Seattle, WA (February 23, 2006) Why are millions of dollars at stake over a common term of endearment, a fragrant flower, or a teeny green vegetable? The words “Sweet Pea” are at the heart of the latest David-vs-Goliath Internet legal battle. At risk are millions of dollars and the future of dozens -- perhaps thousands -- of individuals and small businesses.

Armed with the results of a simple Google search, a Miami attorney has launched a $16 million lawsuit against 52 of the tiniest businesses on the Internet. The attorney’s tools: an intimidating two-inch thick lawsuit, a short timeline to respond in a distant forum, and a threat of a multi-million dollar judgment. The attorney’s techniques: pick only the smallest defendants who can’t afford to litigate a highly questionable lawsuit. The attorney’s goal: to obtain a $5,000 contingency payoff from each defendant and collect $260,000.

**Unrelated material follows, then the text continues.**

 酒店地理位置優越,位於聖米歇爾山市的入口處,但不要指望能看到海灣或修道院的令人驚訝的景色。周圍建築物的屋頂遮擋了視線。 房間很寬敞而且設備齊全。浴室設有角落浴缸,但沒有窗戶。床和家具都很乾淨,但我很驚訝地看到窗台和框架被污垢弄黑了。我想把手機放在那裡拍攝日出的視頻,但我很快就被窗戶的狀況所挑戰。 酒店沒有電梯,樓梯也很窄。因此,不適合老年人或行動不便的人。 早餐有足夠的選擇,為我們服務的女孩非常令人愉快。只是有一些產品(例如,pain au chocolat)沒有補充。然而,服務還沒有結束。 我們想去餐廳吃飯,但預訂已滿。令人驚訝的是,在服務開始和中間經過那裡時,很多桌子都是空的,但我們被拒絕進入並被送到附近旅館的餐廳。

In January of 2006, attorney Alexander E. Barthet of Miami, Florida on behalf of his clothing company client Sweet Pea Limited, Inc. went to Federal District Court in Florida and filed a complaint claiming that 52 companies or individuals located throughout the United States were violating their trademark. The clothing company’s lawsuit contends that using the commonly used words “Sweet Pea” in any form -- not just their stylized version -- on any article of clothing is in violation of their trademark rights and therefore they are entitled to millions of dollars in damages. Most of the defendants are creating original designs using the words “Sweet Pea” graphically on T-shirts and children’s clothing.

Small Firms Intentionally Targeted
Notably missing from the list are any large defendants. All the companies being sued are one-person businesses. For example, Nordstrom (Stock Symbol: JWN) sells both the Sweet Pea Limited line of clothing as well as the products of one of the defendants. In addition, CafePress (www.cafepress.com) a major Internet retailer, provides an automated service that allows its clients to create and sell products on the internet including most of the defendants' products. By not first issuing a cease and desist order, the attorney’s real intentions were made perfectly clear when a $5,000 one-time payment was demanded from each defendant.

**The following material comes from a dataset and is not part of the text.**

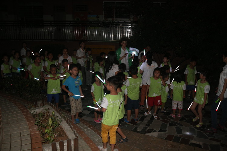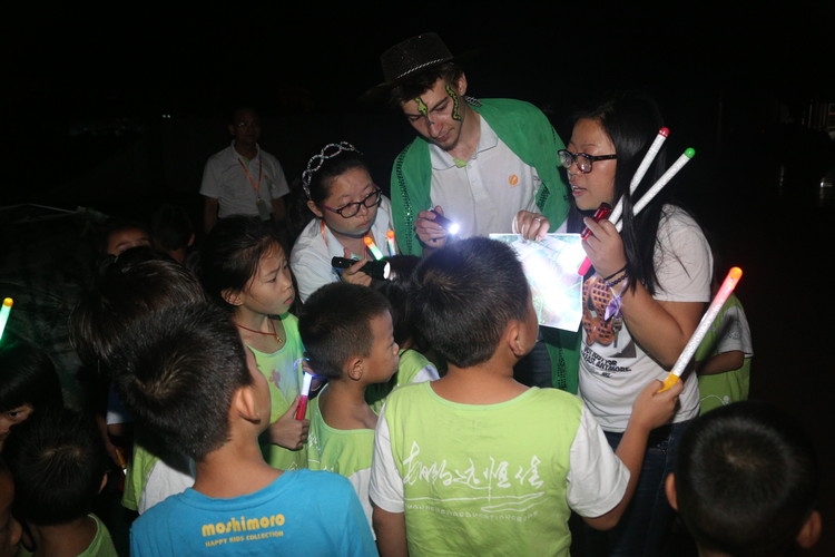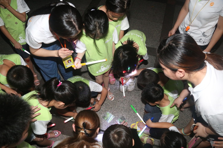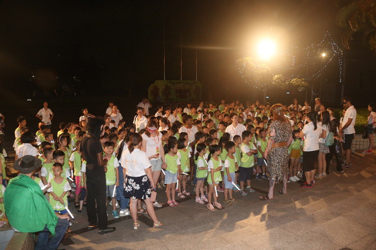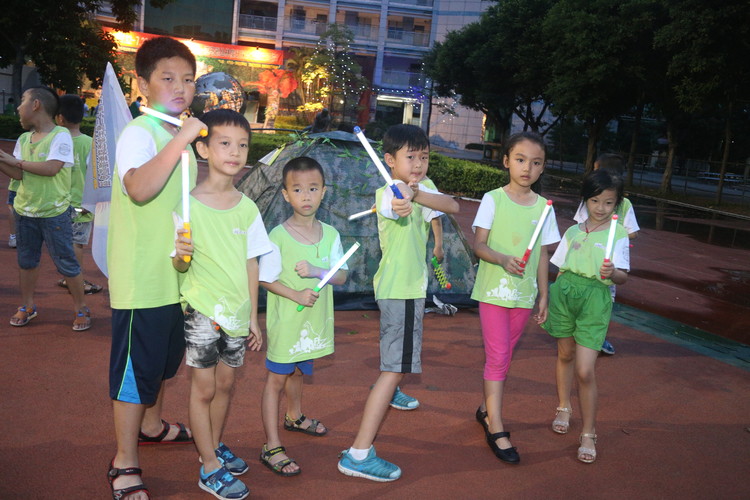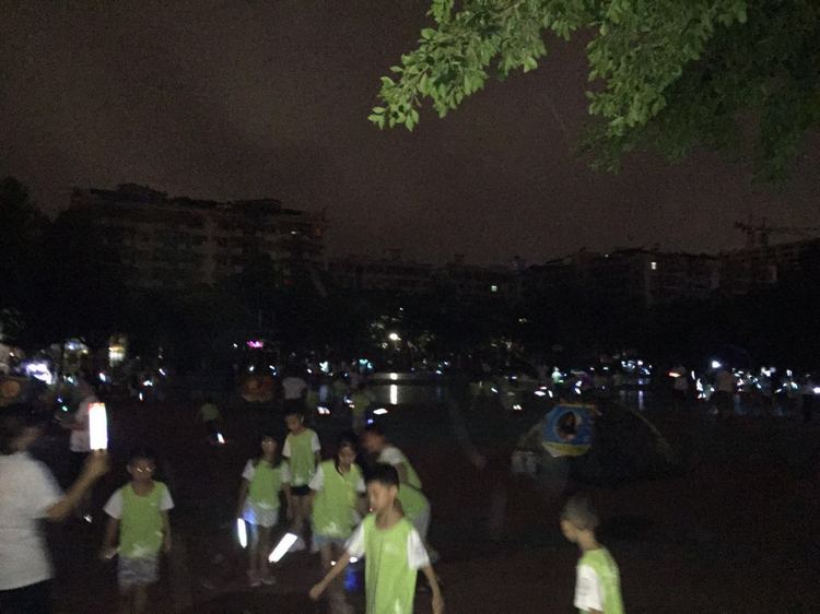 整個操場霓虹閃耀,小營員們興奮而又激動地?fù)]動著手中五顏六色的熒光棒,開啟了一場驚險而又刺激的尋旗之旅。

Intellectual Property Lawsuits are a Growing Concern
Questionable intellectual property lawsuits using the Internet as a tool to find possible defendants are the coming thing in what is often referred to as “litigation extortion.” Like some of the ADA lawsuits of years past, this technique is becoming a common way to demand money from innocent and vulnerable people. By claiming questionable trademark rights to very common words, a number of attorneys around the country are seeking out-of-court settlements from innocent defendants who don’t have the knowledge or financial resources to defend themselves in a court of law. As these types of lawsuits become more common, they are attracting high levels of concern from organizations such as the Electronic Frontier Foundation (EFF).

About the Defendants
The 52 defendants consist mostly of one person home-based businesses that offer T-shirts, children’s or baby clothing featuring various original designs that include the words “Sweet Pea” in some form. While a few manufacture their designs on clothing in small quantities, most offer their designs on products at the popular online merchant CafePress where the items are produced on a made-to-order basis. Most of the defendants have sold very few items. A number of them have not sold anything at all bearing the contested term of endearment.

A suit of this scope and size has been a shock to all the defendants. The ability to either fight it or pay off the plaintiff’s attorney is beyond the means of most of them.